There comes a moment when even the strongest person quietly collapses.

Yesterday, I reached that moment.

Not the kind of collapse people notice from the outside. The world still moves. Emails still arrive. Responsibilities still wait. You still speak normally. You still smile at people.

But inwardly, something gives way. I was tired of being strong.

For many years, I had taught myself one thing: you cannot break down. No matter what happens, you must stay strong. That is what adulthood often trains us to believe. Keep functioning. Keep moving. Keep handling things. No matter how exhausted you feel internally, you continue carrying responsibilities because that is what you are “supposed” to do.

So I kept going with the flow of strength. I kept trying my best to hold everything together. No matter what happened, I told myself: I cannot collapse.

For a long time, I carried emotions silently, pushing through life the way many people do — fulfilling roles, handling responsibilities, surviving difficulties, convincing myself that strength meant endurance.

But buried emotions do not disappear simply because we ignore them.

Sometimes unresolved pain sits quietly within us for years — hidden beneath work, routines, deadlines, obligations, and distractions. We become skilled at surviving. Skilled at appearing fine. Skilled at helping everyone else while slowly exhausting ourselves internally.

The Coffee That Felt Like Grace

A few months ago, I met a wise man and his wife. From the beginning, I felt an unusual connection with them — the kind that feels deeper than coincidence. Our conversations naturally drifted toward scriptures, philosophy, and quotations from spiritual texts. He would often send me encouraging reflections and wisdom from books.

Yesterday, unexpectedly, he messaged me and asked if I wanted to meet for coffee.

Looking back now, it almost felt intuitive — as though he sensed something was wrong before I fully admitted it to myself. We sat together quietly and talked.

He explained how prolonged stress changes the body itself — how anxiety and depression are not merely emotional weakness, but deeply connected to exhaustion, hormones, unresolved grief, suppressed emotions, and internal conflict.

Sometimes, he said, the things we bury continue living silently within us.

Sometimes we do not speak because we fear judgment.

Sometimes we cannot explain our pain because we ourselves do not fully understand it.

And sometimes we remain strong for so long that vulnerability itself begins to feel unnatural.

When Buried Emotions Finally Emerge

I came home afterward and tried to continue the day normally. Then one of my close friends called me. As we spoke, something inside me finally broke open.

I wanted to express everything I had been carrying, but I did not know where to begin. I did not know how to organize pain into sentences.

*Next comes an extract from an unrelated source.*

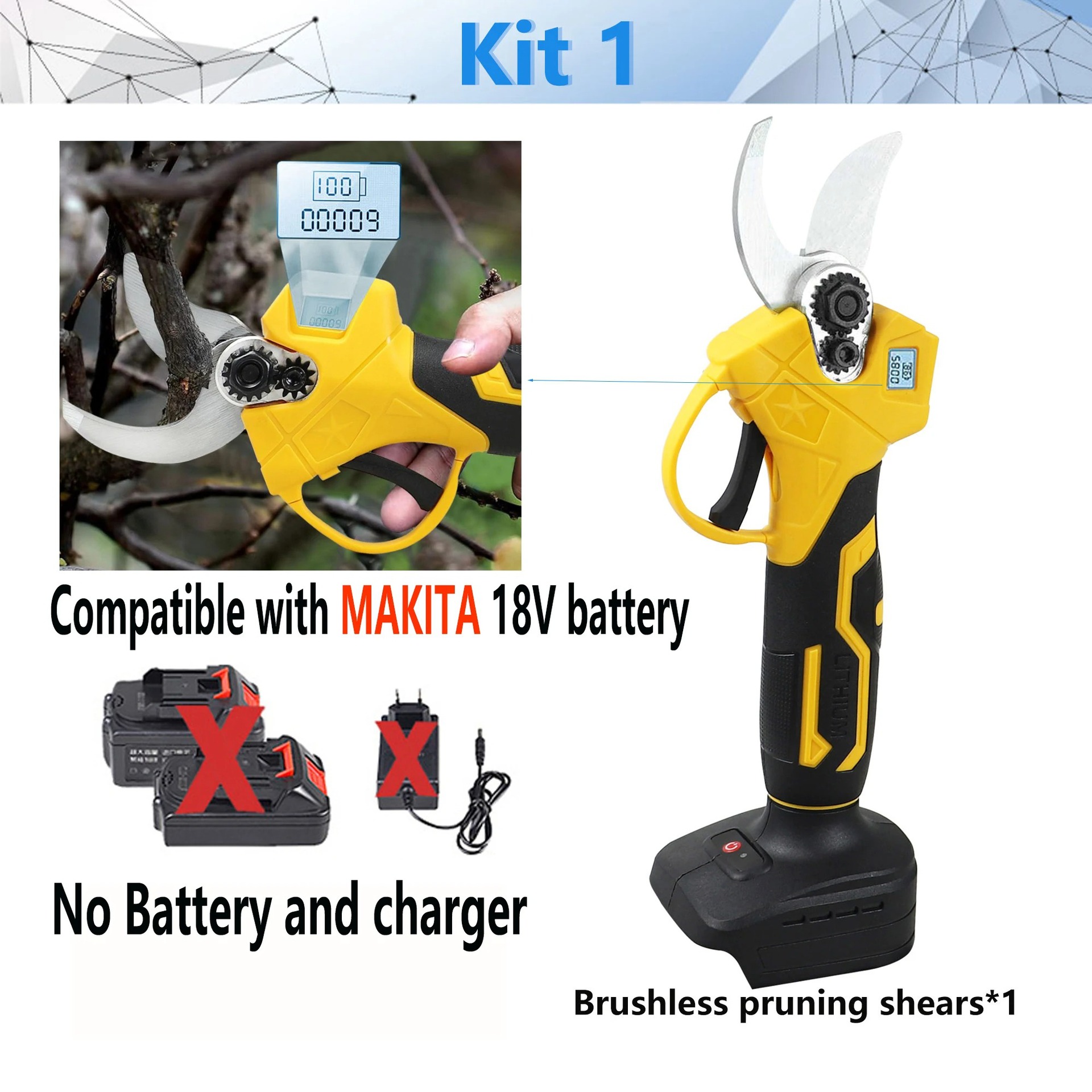 Gunting listrik tanpa kabel untuk berkebun, gunting pohon elektrik tanpa kabel dapat diisi ulang, gunting buah Lithium elektrik tanpa tampilan digital

Emotions that remain buried too long rarely emerge clearly; they erupt chaotically.

And perhaps the hardest part was this: I had never truly shown vulnerability in front of anyone before.

I had become so used to being the strong one, the composed one, the person who manages everything internally, that even speaking honestly about my pain felt unfamiliar.

I wanted to explain what was happening inside me, but the words came out tangled with exhaustion, frustration, fear, and years of suppressed emotion.

And we ended up in a big argument.

That is the strange thing about emotional collapse — sometimes what we most need is understanding, but pain does not always know how to ask for it gently.

“Invoke Your Higher Being”

Later that night, I remembered the words of my Acharya.

Earlier that day, I had attended an Ashtavakra Gita class. The teaching was simple, yet deeply powerful: “Invoke your higher being.”

He told us not to wake up immediately thinking about work, emails, deadlines, and worldly responsibilities. Before becoming a professional, a parent, a teacher, or a person fulfilling endless roles in society, spend a few moments remembering your deeper nature.

Wake up with a smile.

Spend five minutes in silence before entering the world.

Read scriptures.

Remember who you truly are beneath the noise of life.

“You are Gyani,” he reminded us. “Wake up your higher self.”

That teaching stayed with me through the night.

I reopened the verses of the Ashtavakra Gita and found myself returning again to similar teachings from the Bhagavad Gita.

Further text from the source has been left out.